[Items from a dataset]
########################################

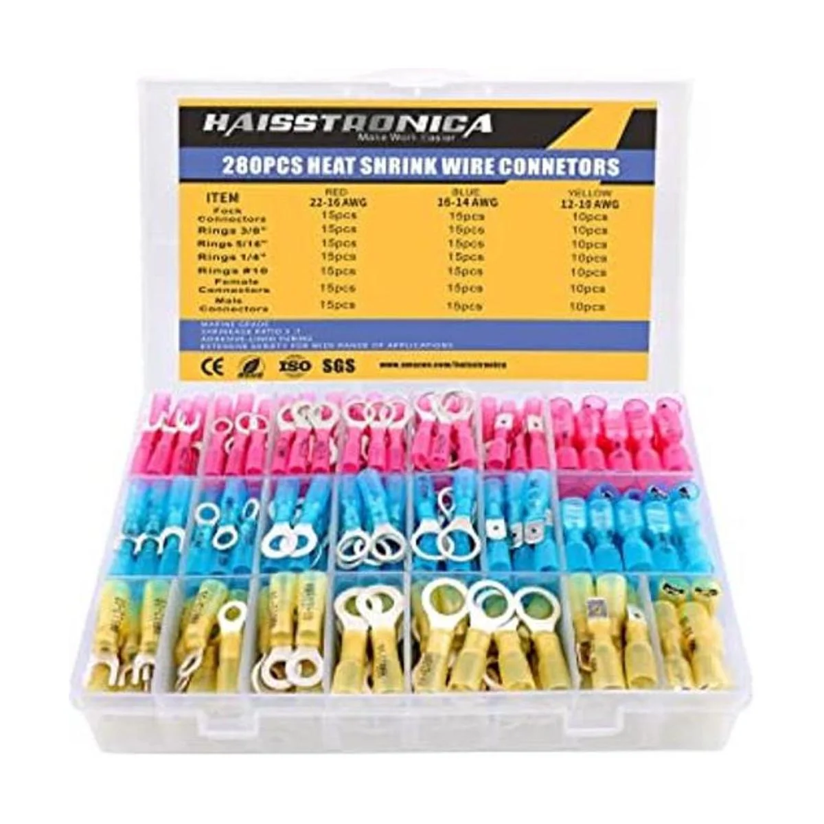 haisstronica 280 conectores de alambre termorretráctil de grado marino, kit de conectores eléctricos de cobre rojo estañado, anillo aislado de engarzado, tenedor, pala de empalme 3 colores21 tamaño calibre 1614 2216 1210
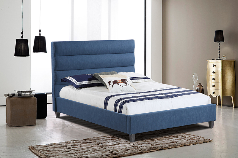 Modern Upholstered Platform Bed with Vertical Channel Tufted Headboard – Blue Beige
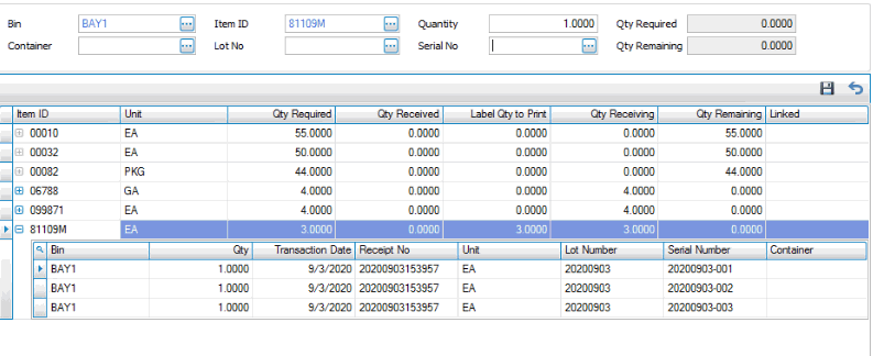 - If you are receive more than a quantity of 1 serialized item, the serial numbers will appear in a child grid of the item. If you are receiving the items singly, click Save after each item. The serial number(s) appear in a child grid of the item.
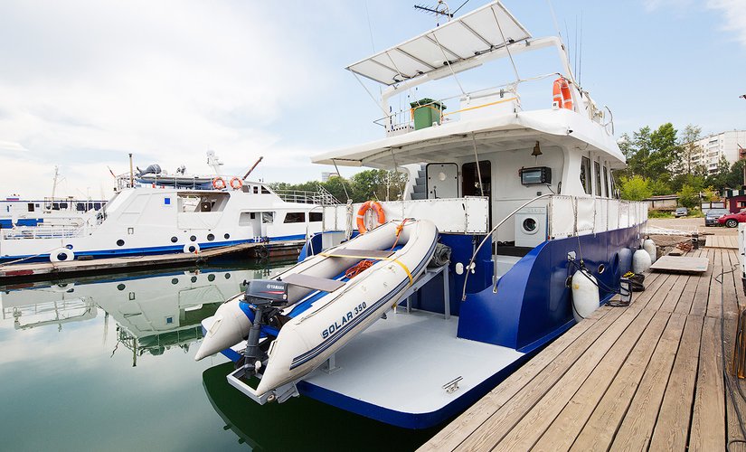 Относится к катерам премиум-класса на Байкале. В отделке судна использовано дерево благородных пород, красное дерево Сапеле, Дуб.
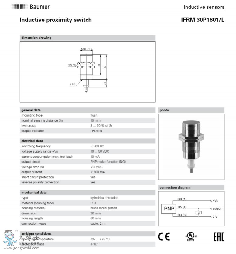 Baumer堡盟電感式接近開關IFRM 30P3601/L開增值票現貨可開增票 |
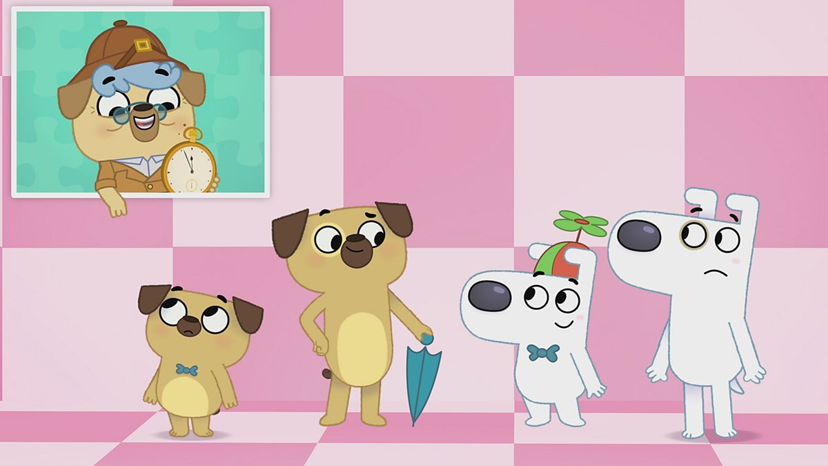 In their adventure, Dog and Pug meet Granny Pug, who makes them solve three puzzles. They solve all of them just in time, before Dog comes back to the bookshop and solves his own problem.
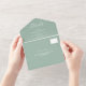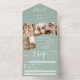 Chic sage green elegant classic call in one calligraphy wedding invitation with rsvp, accommodations, details, and more info. With a modern and trendy script, add 4 of your photos.
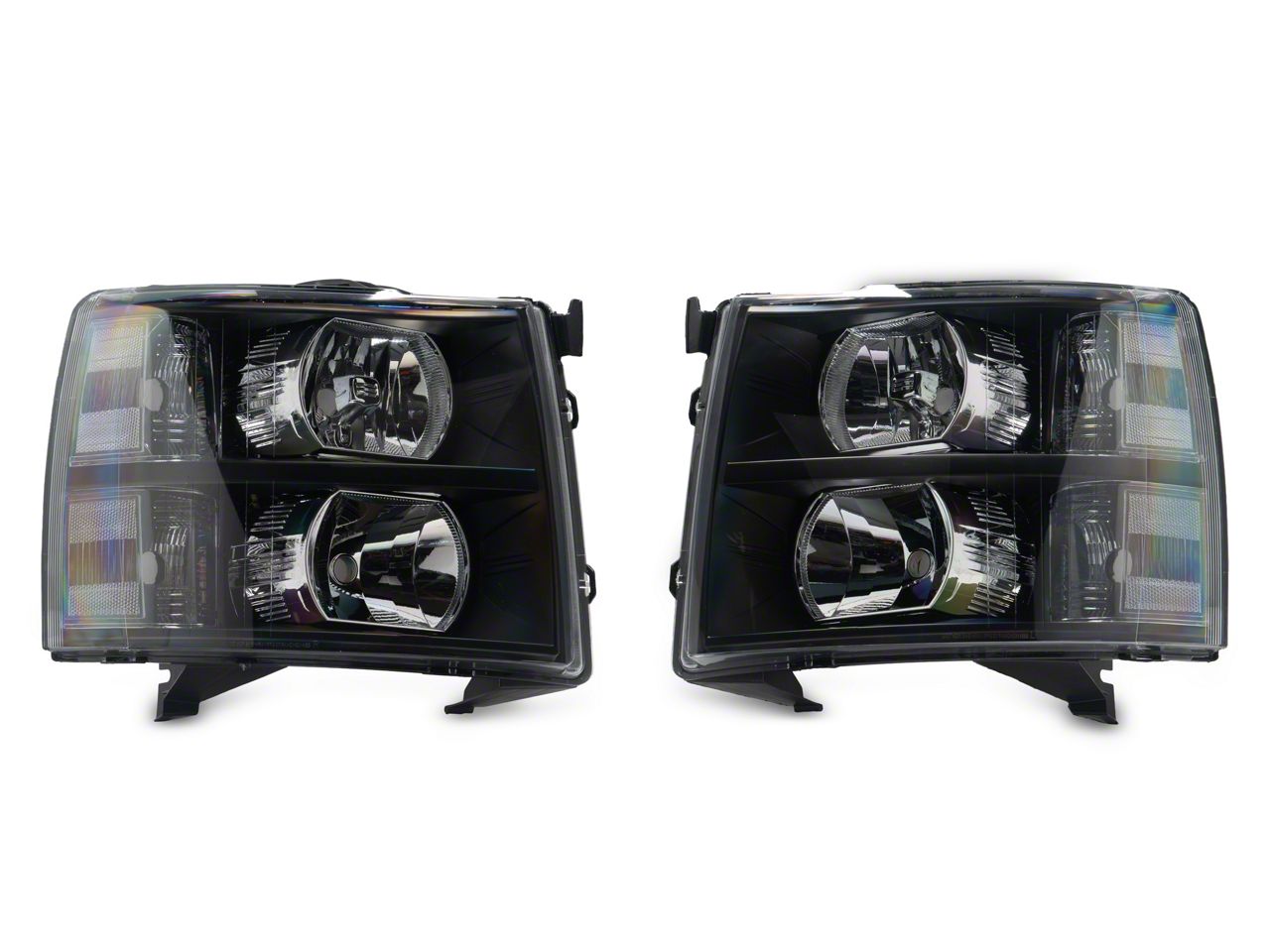 Application. This Factory Style Headlights with Clear Lens (Black Housing, Clear Lens) fits all 2007-2014 Chevrolet Silverado 3500 HD models.

########################################

- Problem description -
Leave out every picture, and repeat word for word only the lines from the one holding "In their adventure, Dog" through the end of the entries above, both ends included.

- Answer box -
 In their adventure, Dog and Pug meet Granny Pug, who makes them solve three puzzles. They solve all of them just in time, before Dog comes back to the bookshop and solves his own problem.
 Chic sage green elegant classic call in one calligraphy wedding invitation with rsvp, accommodations, details, and more info. With a modern and trendy script, add 4 of your photos.
 Application. This Factory Style Headlights with Clear Lens (Black Housing, Clear Lens) fits all 2007-2014 Chevrolet Silverado 3500 HD models.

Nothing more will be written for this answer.